How do I get a list of terms with their coefficients, like

{ {1, 1}, {2, a[0] b[1]}, {2, a[0] b[1] c[3]}, {1, c[6]}, {5, d[3,4]} }?

or even

{ {1, 1}, {2, {a[0], b[1]}}, {2, {a[0],b[1],c[3]} }, {1, c[6]}, {5, d[3,4]}}?

I've tried:

Table[{Coefficient[expr, i], i}, {i, Variables[expr]}]
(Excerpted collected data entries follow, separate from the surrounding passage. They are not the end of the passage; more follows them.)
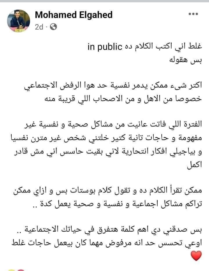 وتابع محمد الجاحد،" ممكن تقرأ الكلام ده و تقول كلام بوستات بس و ازاي ممكن تراكم مشاكل اجماعية و نفسية و صحية يعمل كدة .. بس صدقني دي اهم كلمة هتفرق في حياتك الاجتماعية .. اوعي تحسس حد انه مرفوض مهما كان بيعمل حاجات غلط".
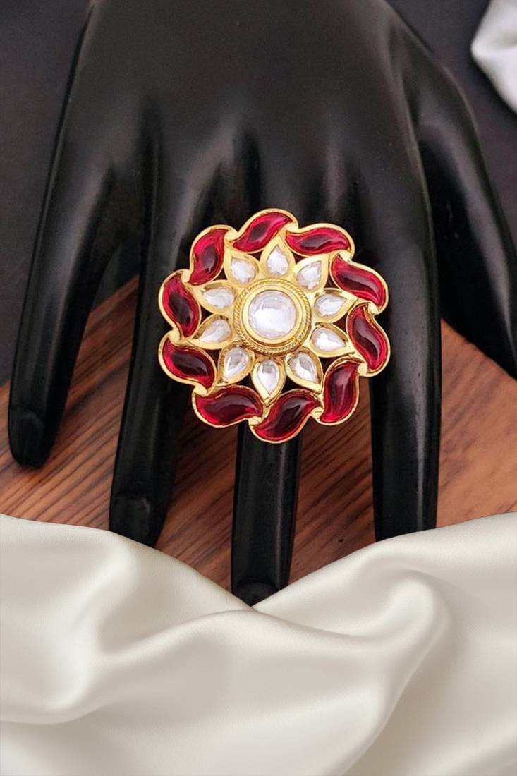| Product Name | Fancy Beautiful Glass Beads Designer High Gold Polish Kundan Finger Ring For Women And Girls | |
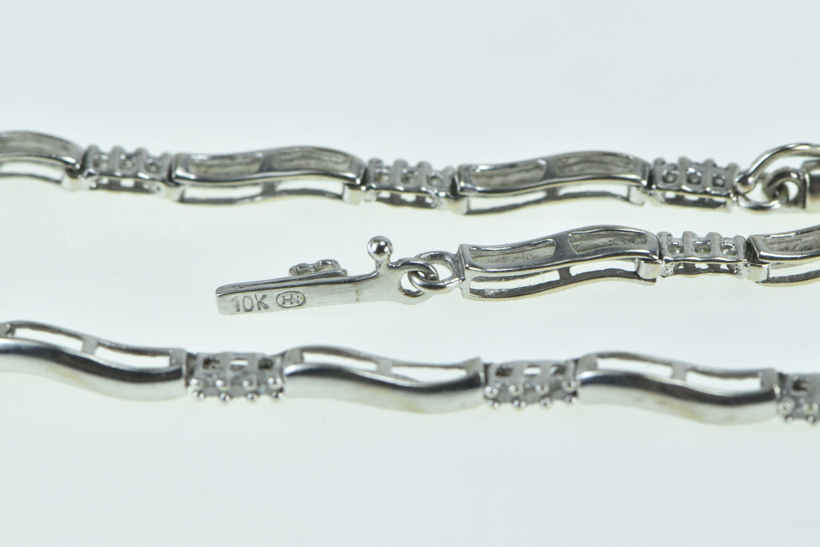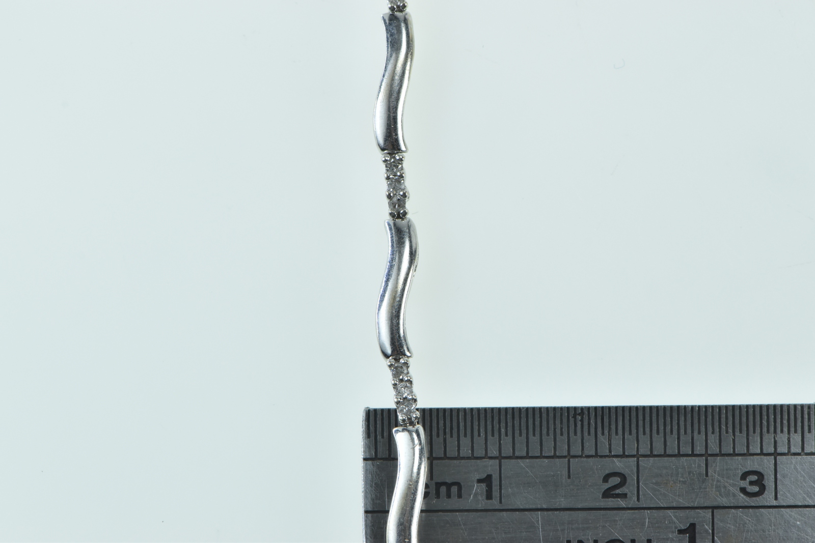 10K Diamond Wavy Bar Link Statement Chain White Gold Bracelet 7..25"
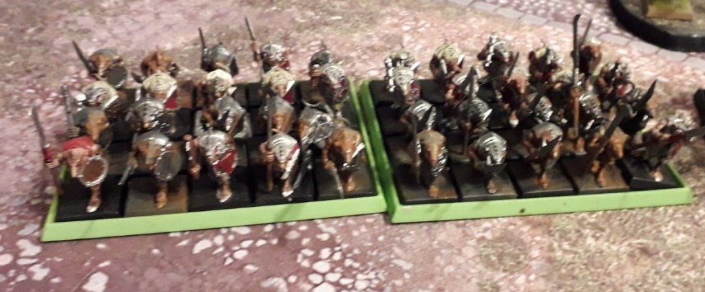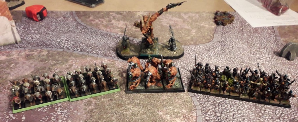 Then, a flank charge of a unit knights into a unit of already damaged shock troops (32 attacks@ 3’s and then 2’s) resulted in only 7 wounds (and therefore a “steady”) . The following turn’s charge (after the knights were destroyed by a double charge from the mutant fiend and nightmares) with my pikemen resulted in the dreaded double one.

(* {{2 b[1] + 2 b[1] c[3], a[0]}, {2 a[0] + 2 a[0] c[3], b[1]}, {2 a[0] b[1], c[3]}, {1, c[6]}, {5, d[3, 4]}}  *)

But this returns coefficients for the "individual" variables a[0], b[1], c[1], c[3], d[3,4], not the variables as they are grouped in the sum.

I also tried manually picking through the sum, without much success

{expr[[2,1]], expr[[2,2;;-1]]} (* want {2, a[0] b[1]} *)

(* {2, a[0],b[1] } *) (* YAY! *)

{expr[[4,1]], expr[[4,2;;-1]]} (* want {1, c[6]} *)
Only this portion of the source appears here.